ウクライナ戦況

敗走を重ねるロシア軍、イジューム奪還で終わらないウクライナ軍の反撃

ウクライナ軍はロシア軍にイジュームからの撤退を強いることに成功したが、まだ反撃の手を緩めておらずリシチャンシク近郊やクレミンナ、ハルキウ州北部のボルチャンスクに向けて攻撃を仕掛けているらしい。

戦況マップの更新が絶望的に追いついていないが、ウクライナ軍が戦いを優勢に進めていることだけは確実だ

ウクライナ軍がイジュームに入ったことを視覚的に確認、ロシア国防省も撤退を発表しているため「クピャンス~イジューム間のオスキル川西岸地域はウクライナ軍が支配している」と解釈すべきで、この地域の戦闘は逃げ遅れた敵の掃討レベルと言って良い。

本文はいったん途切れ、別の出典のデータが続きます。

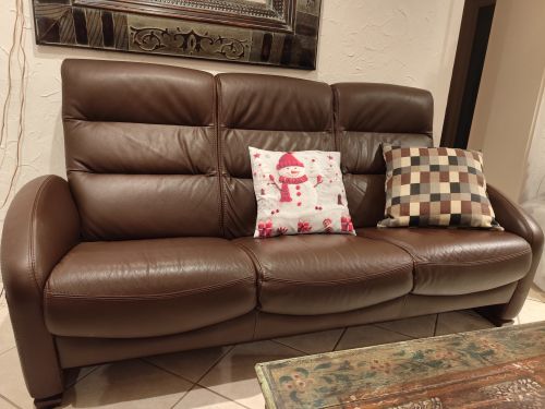 À vendre - Fauteuil réglable en simili cuir de couleur marron en bon état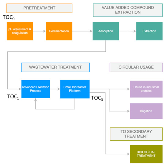Conventional wastewater treatment techniques long-established in the food processing sector mainly include filtration, coagulation [7] and (primary/secondary) biological treatment [8]. They require high investments, skilled personnel and increased maintenance costs, providing slow processes, an extremely low capacity to adapt to wastewater changes and limited efficiency to degrade a high range of organic substances [9]. Such techniques offer an outdated approach to wastewater management, overlooking the potential to recover VACs and recycle/reuse treated water.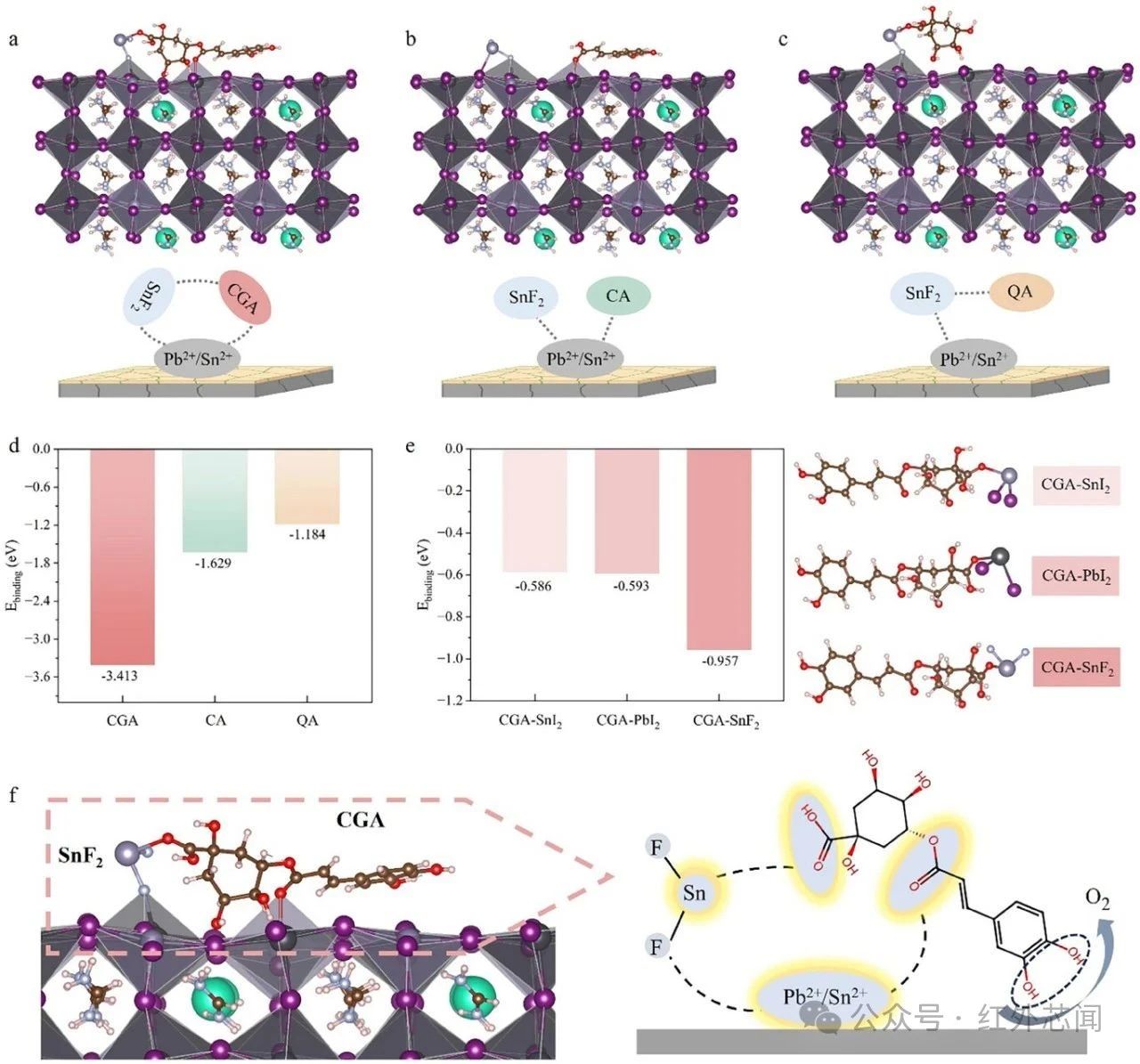 为了提高锡铅钙钛矿的抗氧化能力,研究人员引入了包括CGA、CA和奎宁酸(QA)三种酸,测试了其结构及还原能力,相关结果如图1所示。接着,研究人员首先使用密度泛函理论计算,来揭示了CGA与锡铅钙钛矿及SnF₂之间形成的独特三系统互锁结构及其稳定性,相关结果如图2所示。

出典:Google Map ハルキウ州の戦況/管理人加工(クリックで拡大可能)

イジュームを起点にしたロシア軍の突出部が(恐らく)消滅したためスラビャンスクの状況が大幅に改善したが、ウクライナ軍はドネツ川の対岸でも攻勢(リマン、ヤムピリ、スヴャトヒルシク)に出ているという情報があり、ハルキウ州北部でもBuhaivka、Zarichne、Khotimlya、Martoveを解放したという報告があるが視覚的な確認は取れていない。

ただボルチャンスクを抑えてロシア領ベルゴロドとのアクセスが断てば、クピャンスより北の地域は補給が苦しくなるためハルキウ州からロシア軍を追い出しやすくなる。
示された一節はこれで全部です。